Rozdział 4

1.1K 70 45
                                    



Sypialnia Kinzoku była utrzymana w czerwieni i różnych odcieniach szarości. Tylko kotary w oknach przybrały teraz odcień ciemnego różu. Lecz nie na długo...

-Kin! Pora wstawać! - zawołała Yui wchodząc do pokoju współlokatorki skoro świt.

Rudowłosa uniosła się na łokciach, ogarnęła nieprzytomnym wzrokiem swych stalowych oczu pokój, zatrzymała go na chwilę na Kusanagi, po czym znów opadła na poduszki, mrucząc coś niewyraźnie.
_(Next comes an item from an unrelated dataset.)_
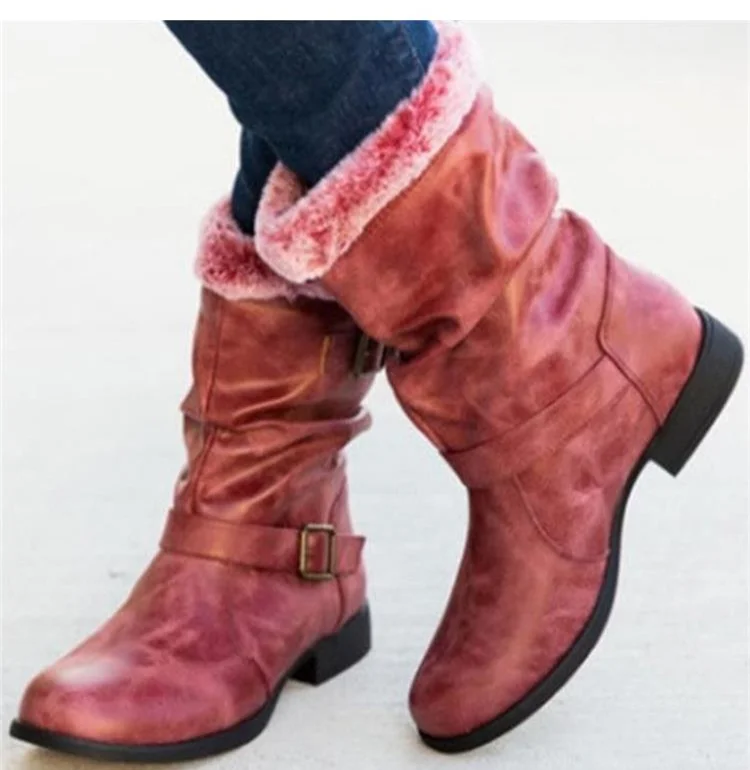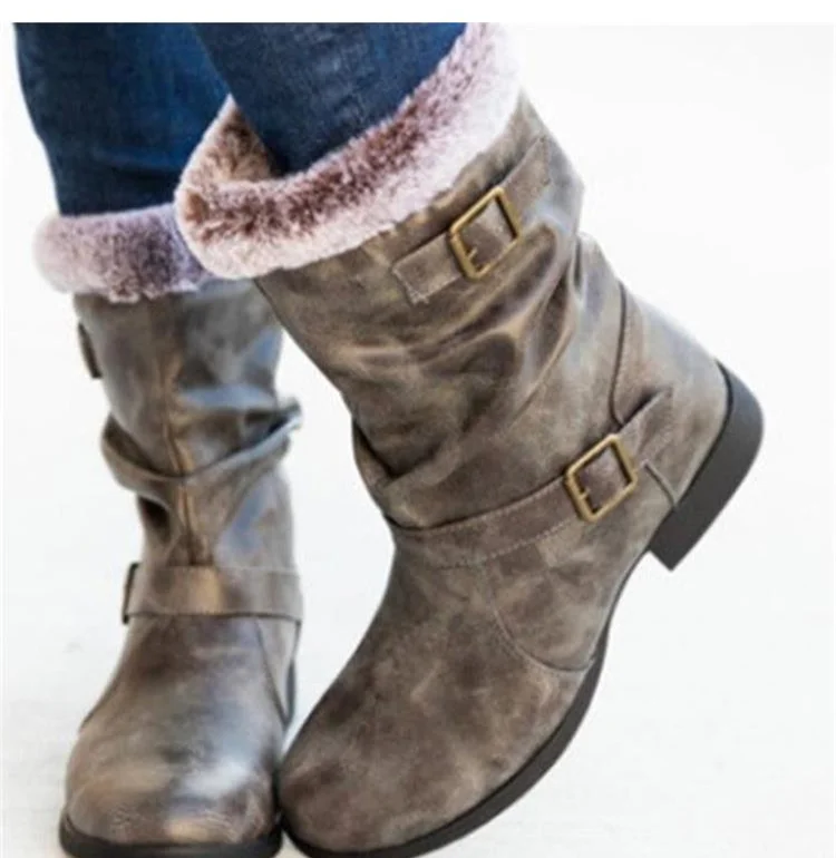 Ботинки женские с пряжкой, теплые плюшевые ботильоны, Классическая ...

-No dalej! Musimy przygotować rozpoczęcie roku!

Fioletowłosa podeszła do łóżka, po czym bezlitośnie zerwała kołdrę z koleżanki.
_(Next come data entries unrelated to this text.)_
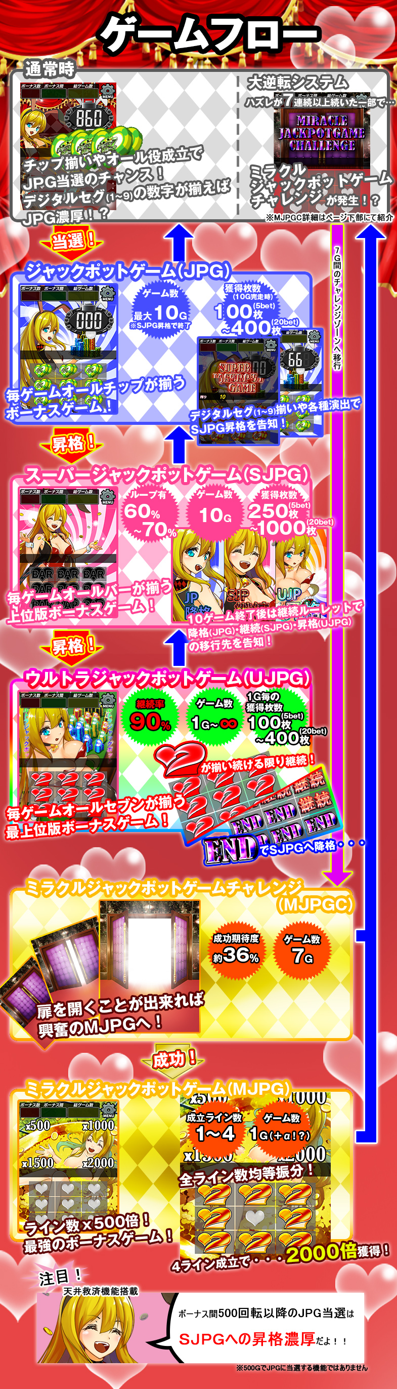 オール7などの役によりEXPが加算されます。 さらにポイントエリアでは毎ベット(Pt)分のEXPが加算されます。 -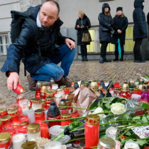12月23日,市民在捷克首都布拉格枪击事件现场附近悼念遇难者。
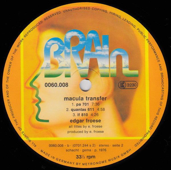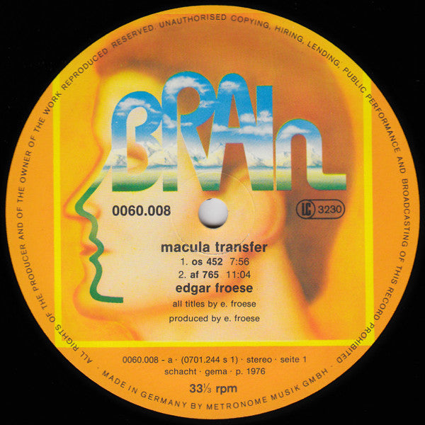 Also released with the same label design but made by Metronome Records GmbH and printed "brain 60.008" catalogue # on labels.

-AAAA!!! Precz siło nieczysta! Przecież to nadal sen!

-To nie sen. Widzisz, Kin? Nadal tu jesteśmy! To prawda!

-Akurat – wstała i próbując odgarnąć włosy z oczu podeszła do okna z którego rozciągał się piękny widok na ogród, a także na jedno ze skrzydeł Boskiej Akademii. - No bez jaj...

-Teraz wierzysz? - zapytała Yui siadając na łóżku z uśmiechem. Była już ubrana w mundurek i uczesana.

-Oczywiście, że nie! I po kiego grzyba mnie budzisz tak wcześnie! Nawet 6 jeszcze nie ma! Mogłam jeszcze tyle spać! Buuuu... - I tak mrucząc pod nosem poczłapała do salonu.

Wzięła, nadal wiszący na swoim pierwotnym miejscu mundurek i udała się do łazienki. Po kilkunastu minutach wróciła do pokoju, włosami związanymi w wysokiego kucyka i czerwonym lakierem w ręku. Usiadła przy biurku i zaczęła malować paznokcie, a gdy wyschły podeszła do szafki nocnej i założyła leżące na niej kolczyki - czarne kuleczki.

-Chodź. Skoro mnie już wyciągnęłaś z cieplusiego łóżka to chociaż wyładuję się na tej bandzie idiotów. - powiedziała rudowłosa stając przy drzwiach.

-Yyy... Tak, już – mruknęła kapłanka i wyszła za współlokatorką.

~*~

-I na co było tak wcześnie wstawać? Wszyscy jeszcze gniją w łóżkach – stwierdziła Kin, gdy weszły do auli.

Zupełnie pustej auli.

-Ale... - zaprzeczeniom Yui przeszkodził dość głośny huk.

Za nimi leżał nordycki bóg światła.

-Dzień dobry... - powiedział z zażenowanym uśmiechem.

-Dzień dobry, Balder – odparła Kusanagi, a rudowłosa kiwnęła głową w geście pozdrowienia.

-Cieszę się, że pamiętacie moje imię – stwierdził, gdy już podniósł się z ziemi.

-Dobrze, że przyszedłeś – powiedziała fioletowłosa. - Ulżyło mi. Myślałam, że nikt inny nie przyjdzie.

-Pierwszy raz będę chodził do szkoły. Jestem taki podekscytowany.

-Nie wiesz na co się piszesz – mruknęła Kin wskakując na scenę, na której po chwili usiadła.

-Co masz na myśli? - zapytał blondyn.

-Zobaczysz... Nie będę straszyć pierwszaków – odparła z wrednym uśmiechem wesoło majtając nogami.

-Kin! Bądź miła! To ich pierwszy dzień! - skarciła ja współlokatorka.

-Bycie miłym jest przereklamowane! I nudne...

Balder wybuchł śmiechem.

-Zupełnie jakbym słyszał Lokiego!

-Właśnie, mój drogi Legolasie! Gdzie Cheshire? - Shiroi zeskoczyła ze sceny i podeszła do boga.